Dr. Verburgh devotes the last third of The Longevity Code to what we can do to slow down the process of aging. He concludes by introducing and assessing the wide range of cutting-edge developments in anti-aging technology, the stuff once only of science fiction: new types of vaccines, and the use of mitochondrial DNA, CRISPR proteins, stem cells, and more.

In the course of researching and writing my own book The Abolition of Aging, I read dozens of different books on broadly similar topics. (For a partial list, scan the online copy of the Endnotes for that book.)

However, I found The Longevity Code to address a number of issues in ways that were particularly compelling and engaging:

  1. Persuasive advice on how to modify diet and lifestyle, now, in order to increase your likelihood to remain healthy long enough to benefit from forthcoming rejuvenation therapies (therapies which Verburgh lists as “Step 4” of a four-stage “longevity staircase”)
  2. A compelling analysis of different “theories of aging”, in Chapter 1 of his book, including the implications of the notably different lifespans of various animals that seem on first sight to have similar biology
  3. A down-to-earth matter-of-fact analysis, in Chapter 4 of his book, on the desirability of living longer lives.

The first of these points is an area where I have often struggled, in the Q&A portions of my own presentations on The Abolition of Aging, to give satisfactory answers to audience questions. I now have better answers to offer!

Allowable weakness

One “allowable weakness” of the book is that the author repeats himself on occasion – especially when it comes to making recommendations on diet and food supplements. I say this is “allowable” because his messages deserve repetition, in a world where there is an abundance of apparent expert dietary advice that is, alas, confusing, contradictory, and often compromised (due to the influence of vested interests – as Verburgh documents).

Table of Contents

The table of contents gives a good idea of what the book contains:

  1. Why do we age?
    • Making room?
    • Dying before growing old
    • Young and healthy, old and sick
    • Sex and aging
  2. What causes aging?
    • Proteins
    • Carbohydrates
    • Fats
    • Our energy generators and their role in life, death, and aging
    • Shoelaces and string
    • Other causes, and conclusion
  3. The longevity staircase
    • Avoid deficiencies
    • Stimulate hormesis
    • Reduce growth stimulation
    • Reverse the aging process
  4. Some thoughts about aging, longevity, and immortality
    • Do we really want to grow that old?
    • A new society?
  5. Recipes
  6. Afterword

About Kris Verburgh

You can read more about the author on the bio page of his website. Here’s a brief extract:

Kris Verburgh (born 1986) graduated magna cum laude as a medical doctor from the University of Antwerp, Belgium.

Dr. Verburgh is a researcher at the Center Leo Apostel for Interdisciplinary Studies (CLEA) at the Free University Brussels (VUB) and a member of the Evolution, Complexity and Cognition group at the Free University of Brussels.

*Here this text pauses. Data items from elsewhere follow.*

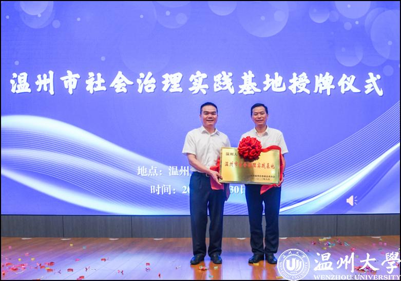 市委政法委黄建斌副书记为日本a片 授温州市社会治理实践基地牌,教育学院党委书记、社会心理服务中心主任何毅教授接牌。
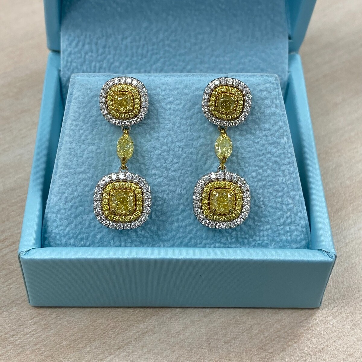 ¡Este espectacular aretes amable agregara magia al momento especial! Estos pendientes de caída colgante cuentan con piedras centrales de diamantes amarillos naturales de 1,36 ct de diamantes de diamante amarillo rodeados por un halo doble de diamantes de corte redondo incoloro y amarillo en micro pavimento con diamante amarillo fantasma natural de corte ovalado. Hecho a mano en oro de 14k dos tonos. El peso total del quilates es de 2.84 quilates. Los pendientes se aseguran con el cierre del tornillo. Todos nuestros productos estan hechos a mano con calidad y cuidado, en el corazon del Distrito de Diamantes en la calle 47 en la ciudad de Nueva York. Nuestra dedicacion y compromiso con el buen trabajo y la calidad excede a todos los demas. Dado que todos nuestros productos estan hechos a man
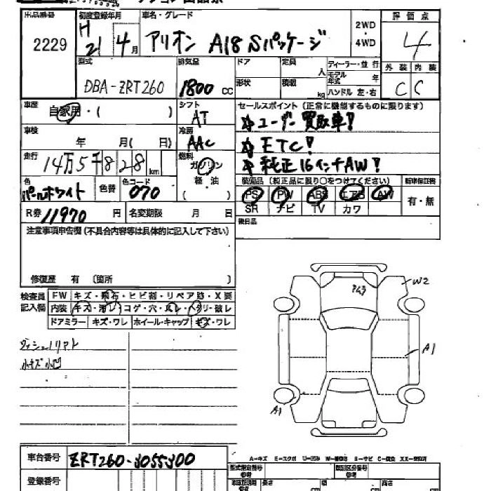 TOYOTA ALLION 2009 г., лот № 2229
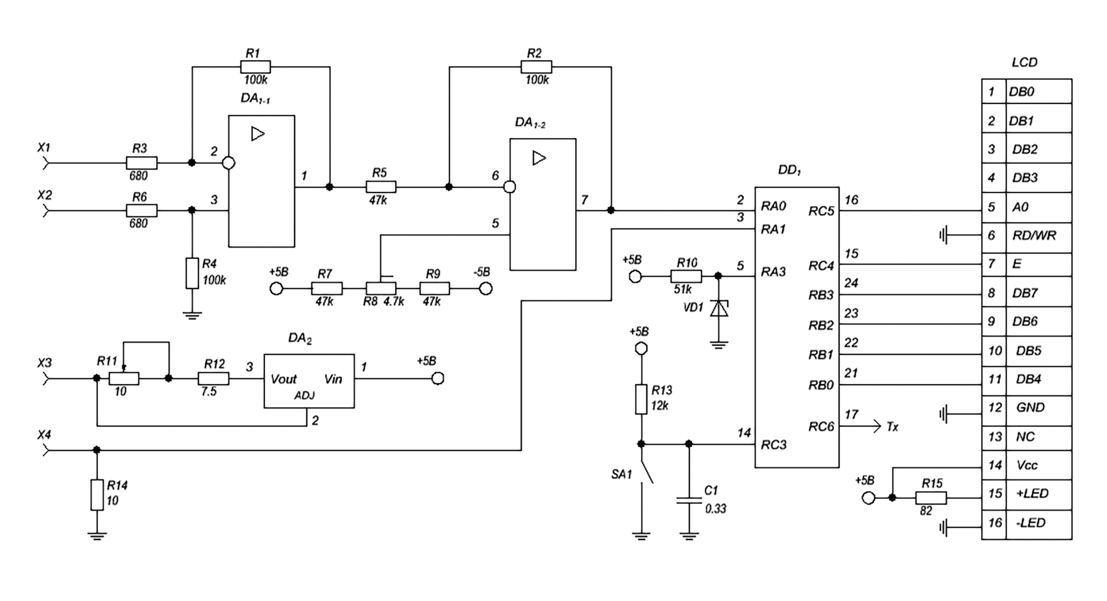 Конструкция индикатора представлена на рис. 1. Аналоговая часть состоит из усилителя напряжения термопары (контакты X1, Х2) на сдвоенном операционном усилителе DA1 с коэффициентом усиления 200 и стабилизатора тока нагревателя в диапазоне 90-150 мА (контакты X3, Х4) на микросхеме DA2. Напряжение питания усилителя DA1 равняется ±5 В.
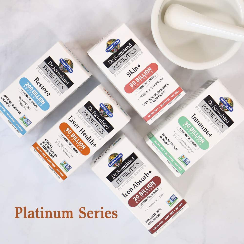 Garden of Life Dr. Formulated Probiotics Platinum Series Liver Health+ 90 Billion CFU D, One a Day Probiotic for Healthy Detoxification & Elimination Support, Vegan, Gluten Free, 30 Capsules
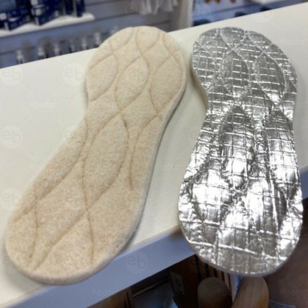 Zateplovací vložky (stélky) do bot Shoeboy's Thermo z pravé ovčí vlny na měkké latexové pěně s hliníkovou fólií na spodní straně. Pro výrobu vložek je použita pravá ovčí střižní vlna s dlouhým vlasem, která výborně hřeje. Spodní hliníková vrstva udržuje teplo u nohy a drží zimu od těla.

Dr. Verburgh’s fields of research are aging, nutrition, metabolism, preventive medicine and health. In this context, he created a new scientific discipline, called ‘nutrigerontology‘, which studies the impact of nutrition on the aging process and aging-related diseases.

Additionally, he has a profound interest in new technologies that will disrupt medicine, health(care) and our lifespans. He follows the new trends and paradigm shifts in medicine an biotechnology and how they are impacted by the fourth industrial revolution

Verburgh wrote his first science book when he was 16 years old. At age 25, he had written 3 science books.

Dr. Verburgh gives talks on new developments and paradigm shifts in medicine, healthcare and the science of aging. He gave lectures for the European Parliament, Google, Singularity University, various academic institutes, organizations and international companies.

And I’d be delighted to host him at London Futurists, when schedules allow!